- **Exercise aim**
Repeat all entries word for word; skip images.

###

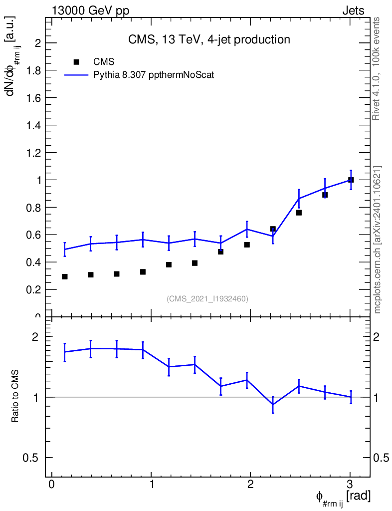 Lines: data, pythia8 8.307 ppthermNoScat |
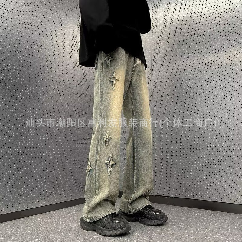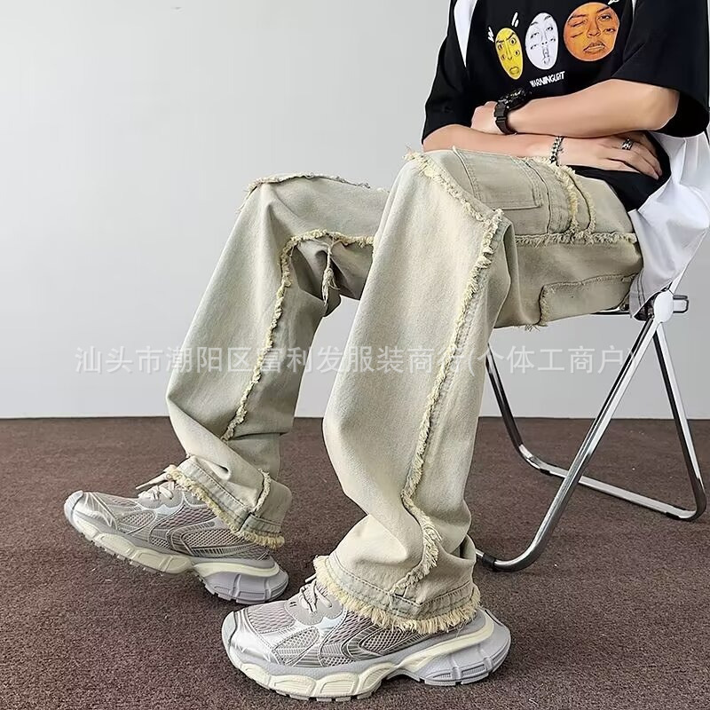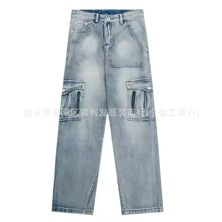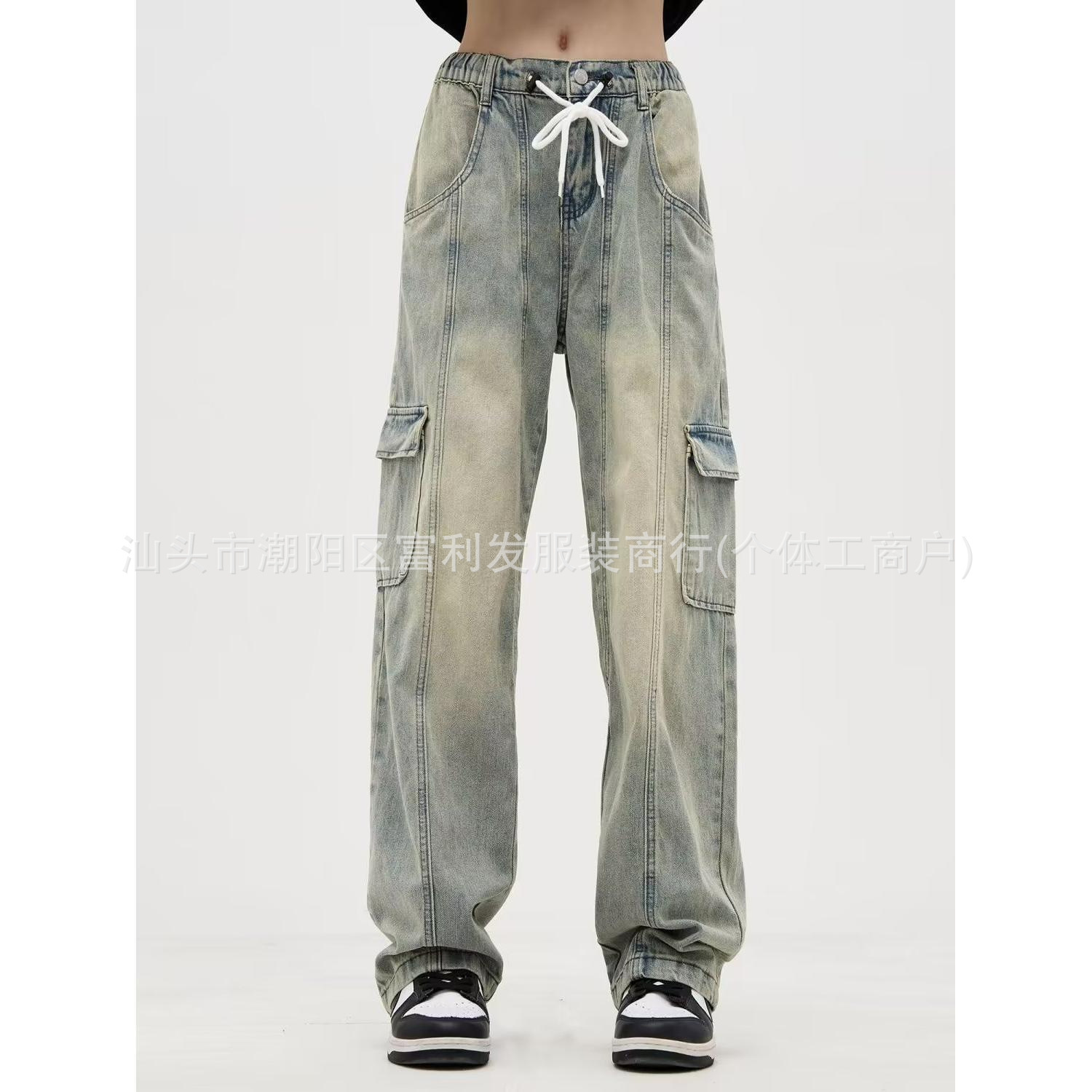 男性新春夏2024香港風新ジーンズアメリカ復古工装ゆるいストレート脚長ズボン
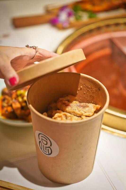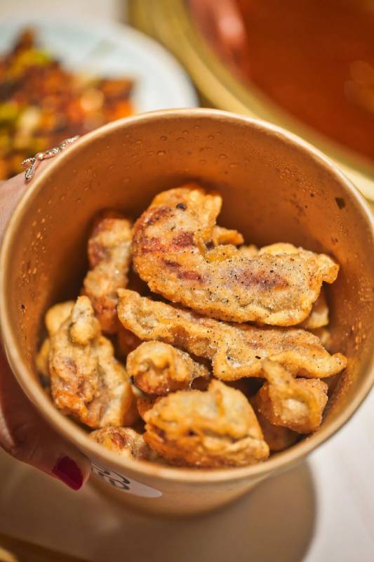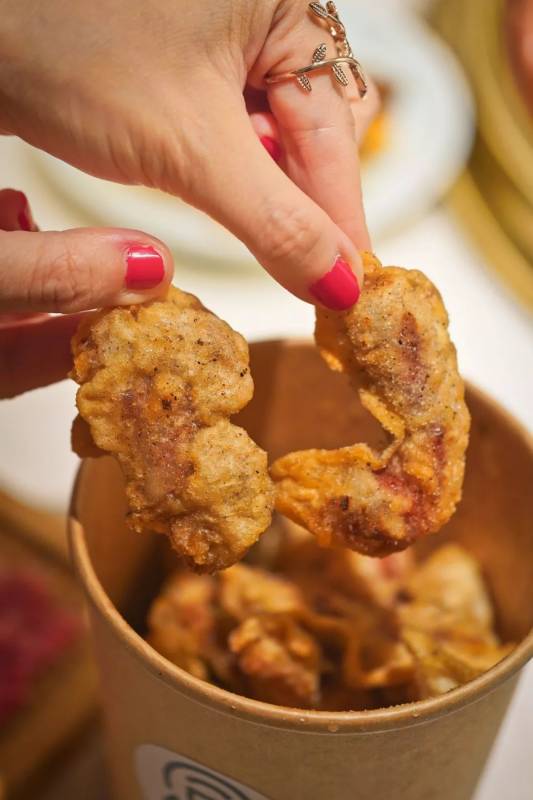 配上经过手摇而更加均匀覆蓋在酥肉上的秘制调料,让人捧著一桶一口接一口吃下去呢。
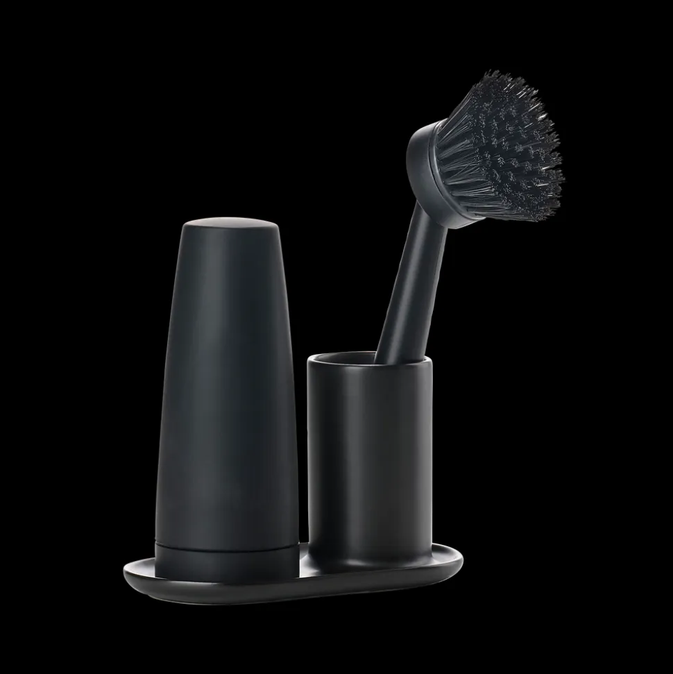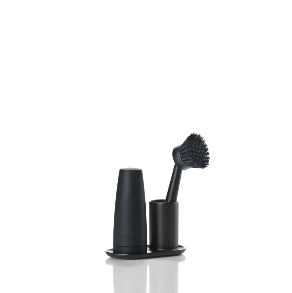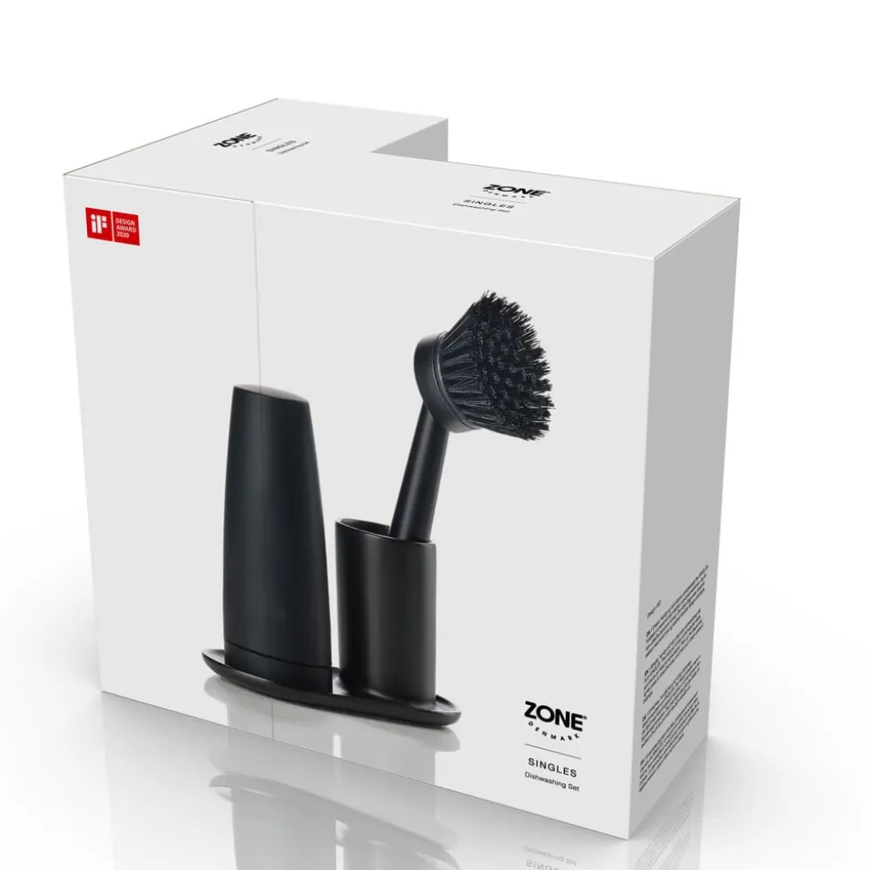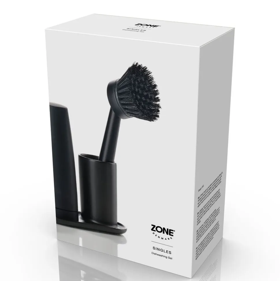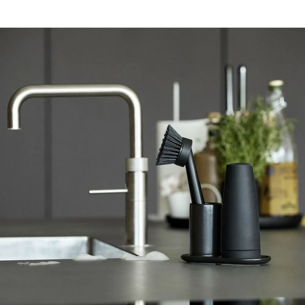 Enkelt, handy og helt diskret opvaskesæt fra Singles. Holderen af keramik kan sættes i opvaskemaskinen, og du kan udskifte børstens hoved. Den løse dispenser doserer sæben med et let tryk og sættes herefter tilbage på plads.
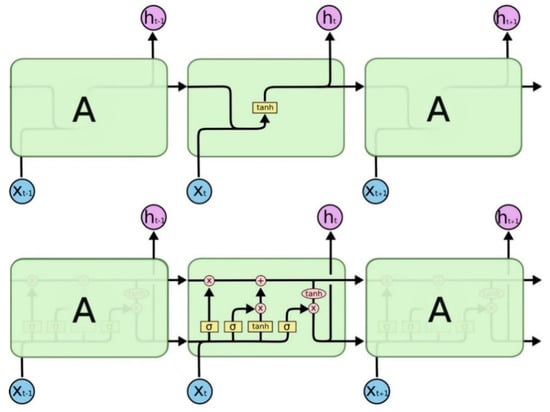 As shown in Figure 4, LSTM solved the vanishing gradient problem by adding an input gate, a forget gate, and an output gate to each path that compute the data in the structure of the basic RNN. These three gates determine what existing information in the cell will be discarded, whether to store new information, and what output value to generate.
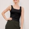 - Midi length, 25″ inseam extends to between calf and ankle
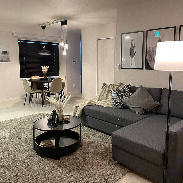 アイアン素材のアイテムが大好きという、manchanさん。モダンでクールな雰囲気のリビングとなっています。ラグは、IKEAの「ヴィンドゥム」を使用されています。パイルが長めの厚手で、違う色の糸が組み合わさっているのもポイントです。
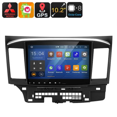 2 الدين ستيريو سيارة ميتسوبيشي لانسر - الروبوت 6.0، الثماني النواة بو، 2 جيجابايت رام، غس، 10.2 بوصة العرض، واي فاي، جوجل اللعب، بلوتوث
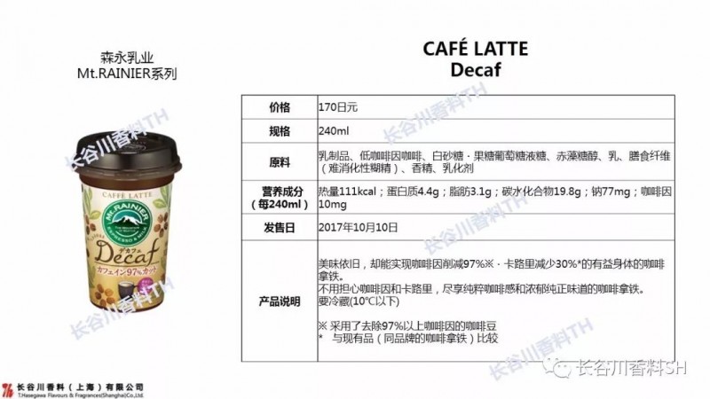 CAFE LATTE Decaf —— 最近Decaf的概念盛行。这款咖啡在保持风味的同时,咖啡因减少97%,热量减少30%,健康无负担。
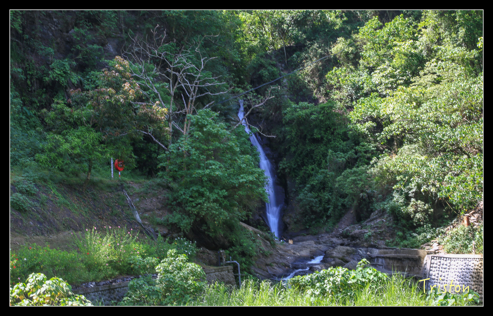 涼山瀑布分為三層,入口處附近是第一層,原本這裡蓄水成潭,在這裡就可以玩水了,不過風災後,腹地大受影響,現在不開放戲水,只有少數人跨過圍籬偷渡到瀑布下。
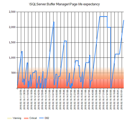 I like to review the PLE values in a graph to see what is happening over time. (Take a look at this article by Linchpin People partner Mike Walsh (@mike_walsh) for an easy way to collect the data and create the graph by using the PAL tool.) If I see the PLE bottoming out or zigzagging during production hours, I know there is a problem with insufficient RAM. Occasional dips below the value calculated in the previous paragraph are fine, but we don’t want PLE to stay there. Here is an actual graph from a customer generated by using PAL on a server with 16 GB of RAM over an eight hour period.
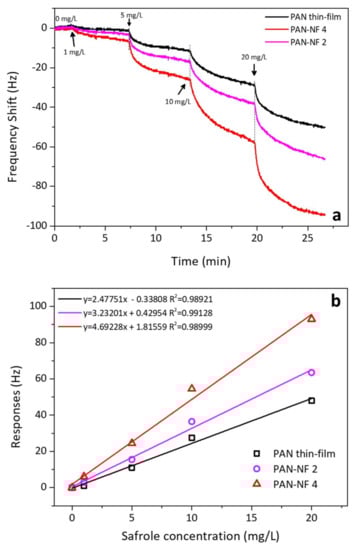 Figure 6a shows the frequency responses for QCM when modified with spin-coating and electrospinning. The concentration of the safrole vapor was predetermined from 1 to 20 mg/L. Upon safrole injection into the sensing chamber, the response was sharp and steady after several minutes. The QCM sensor coated with PAN-NF 4 can detect safrole of 1, 5, 10 and 20 mg/L, corresponding to a frequency shift of 8, 26, 55 and 95 Hz, respectively. At low analyte concentration, we observed that the response of the PAN nanofiber sensor gradually increased with the safrole vapor concentration. However, the high concentration of safrole vapor resulted in less response, which is due to saturation of the polymer surface covered by the analyte.
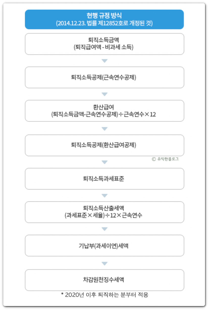 - 지급받은 전체 퇴직금에서 근속연수에 따라 공제를 합니다.

###

- **Result of this task**
 Lines: data, pythia8 8.307 ppthermNoScat |
 男性新春夏2024香港風新ジーンズアメリカ復古工装ゆるいストレート脚長ズボン
 配上经过手摇而更加均匀覆蓋在酥肉上的秘制调料,让人捧著一桶一口接一口吃下去呢。
 Enkelt, handy og helt diskret opvaskesæt fra Singles. Holderen af keramik kan sættes i opvaskemaskinen, og du kan udskifte børstens hoved. Den løse dispenser doserer sæben med et let tryk og sættes herefter tilbage på plads.
 As shown in Figure 4, LSTM solved the vanishing gradient problem by adding an input gate, a forget gate, and an output gate to each path that compute the data in the structure of the basic RNN. These three gates determine what existing information in the cell will be discarded, whether to store new information, and what output value to generate.
 - Midi length, 25″ inseam extends to between calf and ankle
 アイアン素材のアイテムが大好きという、manchanさん。モダンでクールな雰囲気のリビングとなっています。ラグは、IKEAの「ヴィンドゥム」を使用されています。パイルが長めの厚手で、違う色の糸が組み合わさっているのもポイントです。
 2 الدين ستيريو سيارة ميتسوبيشي لانسر - الروبوت 6.0، الثماني النواة بو، 2 جيجابايت رام، غس، 10.2 بوصة العرض، واي فاي، جوجل اللعب، بلوتوث
 CAFE LATTE Decaf —— 最近Decaf的概念盛行。这款咖啡在保持风味的同时,咖啡因减少97%,热量减少30%,健康无负担。
 涼山瀑布分為三層,入口處附近是第一層,原本這裡蓄水成潭,在這裡就可以玩水了,不過風災後,腹地大受影響,現在不開放戲水,只有少數人跨過圍籬偷渡到瀑布下。
 I like to review the PLE values in a graph to see what is happening over time. (Take a look at this article by Linchpin People partner Mike Walsh (@mike_walsh) for an easy way to collect the data and create the graph by using the PAL tool.) If I see the PLE bottoming out or zigzagging during production hours, I know there is a problem with insufficient RAM. Occasional dips below the value calculated in the previous paragraph are fine, but we don’t want PLE to stay there. Here is an actual graph from a customer generated by using PAL on a server with 16 GB of RAM over an eight hour period.
 Figure 6a shows the frequency responses for QCM when modified with spin-coating and electrospinning. The concentration of the safrole vapor was predetermined from 1 to 20 mg/L. Upon safrole injection into the sensing chamber, the response was sharp and steady after several minutes. The QCM sensor coated with PAN-NF 4 can detect safrole of 1, 5, 10 and 20 mg/L, corresponding to a frequency shift of 8, 26, 55 and 95 Hz, respectively. At low analyte concentration, we observed that the response of the PAN nanofiber sensor gradually increased with the safrole vapor concentration. However, the high concentration of safrole vapor resulted in less response, which is due to saturation of the polymer surface covered by the analyte.
 - 지급받은 전체 퇴직금에서 근속연수에 따라 공제를 합니다.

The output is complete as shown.